ASSIGNMENT =
Print the records below from the first line through the line containing "WUBEN G339 Stainless", both included, word for word.

(Items from a dataset)

Start of Block

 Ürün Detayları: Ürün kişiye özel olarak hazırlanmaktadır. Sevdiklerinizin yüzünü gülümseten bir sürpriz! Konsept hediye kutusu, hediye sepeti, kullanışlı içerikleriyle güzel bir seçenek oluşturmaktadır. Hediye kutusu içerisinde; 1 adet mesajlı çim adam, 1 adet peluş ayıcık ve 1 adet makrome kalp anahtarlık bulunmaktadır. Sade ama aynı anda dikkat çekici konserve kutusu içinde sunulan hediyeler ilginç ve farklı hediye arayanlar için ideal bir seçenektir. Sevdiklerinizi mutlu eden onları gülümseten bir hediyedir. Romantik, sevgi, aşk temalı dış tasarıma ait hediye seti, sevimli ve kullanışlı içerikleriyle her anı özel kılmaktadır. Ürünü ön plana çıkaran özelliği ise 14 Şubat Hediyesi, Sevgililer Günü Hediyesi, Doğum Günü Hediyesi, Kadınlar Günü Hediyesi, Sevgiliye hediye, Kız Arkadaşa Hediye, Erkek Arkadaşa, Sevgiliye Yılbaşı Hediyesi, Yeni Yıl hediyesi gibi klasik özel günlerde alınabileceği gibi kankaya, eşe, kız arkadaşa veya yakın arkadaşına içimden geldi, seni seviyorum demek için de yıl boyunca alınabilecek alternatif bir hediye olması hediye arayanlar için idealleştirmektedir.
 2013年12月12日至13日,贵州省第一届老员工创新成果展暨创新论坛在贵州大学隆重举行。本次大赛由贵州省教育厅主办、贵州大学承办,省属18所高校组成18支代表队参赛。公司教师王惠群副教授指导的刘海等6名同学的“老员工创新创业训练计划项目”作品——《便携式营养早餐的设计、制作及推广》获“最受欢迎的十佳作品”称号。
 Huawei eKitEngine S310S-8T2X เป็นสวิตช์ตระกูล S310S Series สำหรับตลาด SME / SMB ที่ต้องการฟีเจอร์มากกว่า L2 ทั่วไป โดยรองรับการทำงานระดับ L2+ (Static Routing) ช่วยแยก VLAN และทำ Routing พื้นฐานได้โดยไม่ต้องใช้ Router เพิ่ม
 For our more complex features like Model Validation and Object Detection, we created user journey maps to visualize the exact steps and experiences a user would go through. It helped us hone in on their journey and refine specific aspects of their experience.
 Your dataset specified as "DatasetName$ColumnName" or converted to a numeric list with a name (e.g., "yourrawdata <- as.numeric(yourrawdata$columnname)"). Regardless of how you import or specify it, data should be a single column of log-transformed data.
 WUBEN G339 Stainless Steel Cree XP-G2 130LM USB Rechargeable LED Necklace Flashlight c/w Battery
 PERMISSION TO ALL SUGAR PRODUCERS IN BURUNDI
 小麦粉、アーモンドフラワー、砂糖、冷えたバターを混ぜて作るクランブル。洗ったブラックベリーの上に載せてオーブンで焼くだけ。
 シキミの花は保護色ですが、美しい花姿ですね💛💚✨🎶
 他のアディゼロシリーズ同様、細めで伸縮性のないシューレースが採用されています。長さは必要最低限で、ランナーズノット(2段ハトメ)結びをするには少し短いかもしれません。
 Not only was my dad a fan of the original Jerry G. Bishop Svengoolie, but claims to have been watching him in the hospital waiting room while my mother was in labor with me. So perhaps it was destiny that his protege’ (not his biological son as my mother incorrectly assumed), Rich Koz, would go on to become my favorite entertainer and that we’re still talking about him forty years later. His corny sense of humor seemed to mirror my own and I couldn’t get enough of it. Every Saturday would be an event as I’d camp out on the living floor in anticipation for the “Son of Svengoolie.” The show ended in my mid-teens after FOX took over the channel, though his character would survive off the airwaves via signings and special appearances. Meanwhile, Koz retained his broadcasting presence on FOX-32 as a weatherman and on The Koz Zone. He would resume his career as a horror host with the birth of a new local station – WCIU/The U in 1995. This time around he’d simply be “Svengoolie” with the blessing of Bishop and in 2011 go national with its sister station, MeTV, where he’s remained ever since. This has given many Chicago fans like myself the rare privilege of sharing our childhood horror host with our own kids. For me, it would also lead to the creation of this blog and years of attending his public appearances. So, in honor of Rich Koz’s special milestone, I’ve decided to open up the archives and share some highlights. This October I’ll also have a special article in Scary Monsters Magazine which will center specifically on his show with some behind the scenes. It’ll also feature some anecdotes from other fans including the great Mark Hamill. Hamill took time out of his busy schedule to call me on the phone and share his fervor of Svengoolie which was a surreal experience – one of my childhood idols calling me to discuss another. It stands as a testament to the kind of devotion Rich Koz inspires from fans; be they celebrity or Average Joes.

End of Block

ANSWER FOR THE TASK =
 Ürün Detayları: Ürün kişiye özel olarak hazırlanmaktadır. Sevdiklerinizin yüzünü gülümseten bir sürpriz! Konsept hediye kutusu, hediye sepeti, kullanışlı içerikleriyle güzel bir seçenek oluşturmaktadır. Hediye kutusu içerisinde; 1 adet mesajlı çim adam, 1 adet peluş ayıcık ve 1 adet makrome kalp anahtarlık bulunmaktadır. Sade ama aynı anda dikkat çekici konserve kutusu içinde sunulan hediyeler ilginç ve farklı hediye arayanlar için ideal bir seçenektir. Sevdiklerinizi mutlu eden onları gülümseten bir hediyedir. Romantik, sevgi, aşk temalı dış tasarıma ait hediye seti, sevimli ve kullanışlı içerikleriyle her anı özel kılmaktadır. Ürünü ön plana çıkaran özelliği ise 14 Şubat Hediyesi, Sevgililer Günü Hediyesi, Doğum Günü Hediyesi, Kadınlar Günü Hediyesi, Sevgiliye hediye, Kız Arkadaşa Hediye, Erkek Arkadaşa, Sevgiliye Yılbaşı Hediyesi, Yeni Yıl hediyesi gibi klasik özel günlerde alınabileceği gibi kankaya, eşe, kız arkadaşa veya yakın arkadaşına içimden geldi, seni seviyorum demek için de yıl boyunca alınabilecek alternatif bir hediye olması hediye arayanlar için idealleştirmektedir.
 2013年12月12日至13日,贵州省第一届老员工创新成果展暨创新论坛在贵州大学隆重举行。本次大赛由贵州省教育厅主办、贵州大学承办,省属18所高校组成18支代表队参赛。公司教师王惠群副教授指导的刘海等6名同学的“老员工创新创业训练计划项目”作品——《便携式营养早餐的设计、制作及推广》获“最受欢迎的十佳作品”称号。
 Huawei eKitEngine S310S-8T2X เป็นสวิตช์ตระกูล S310S Series สำหรับตลาด SME / SMB ที่ต้องการฟีเจอร์มากกว่า L2 ทั่วไป โดยรองรับการทำงานระดับ L2+ (Static Routing) ช่วยแยก VLAN และทำ Routing พื้นฐานได้โดยไม่ต้องใช้ Router เพิ่ม
 For our more complex features like Model Validation and Object Detection, we created user journey maps to visualize the exact steps and experiences a user would go through. It helped us hone in on their journey and refine specific aspects of their experience.
 Your dataset specified as "DatasetName$ColumnName" or converted to a numeric list with a name (e.g., "yourrawdata <- as.numeric(yourrawdata$columnname)"). Regardless of how you import or specify it, data should be a single column of log-transformed data.
 WUBEN G339 Stainless Steel Cree XP-G2 130LM USB Rechargeable LED Necklace Flashlight c/w Battery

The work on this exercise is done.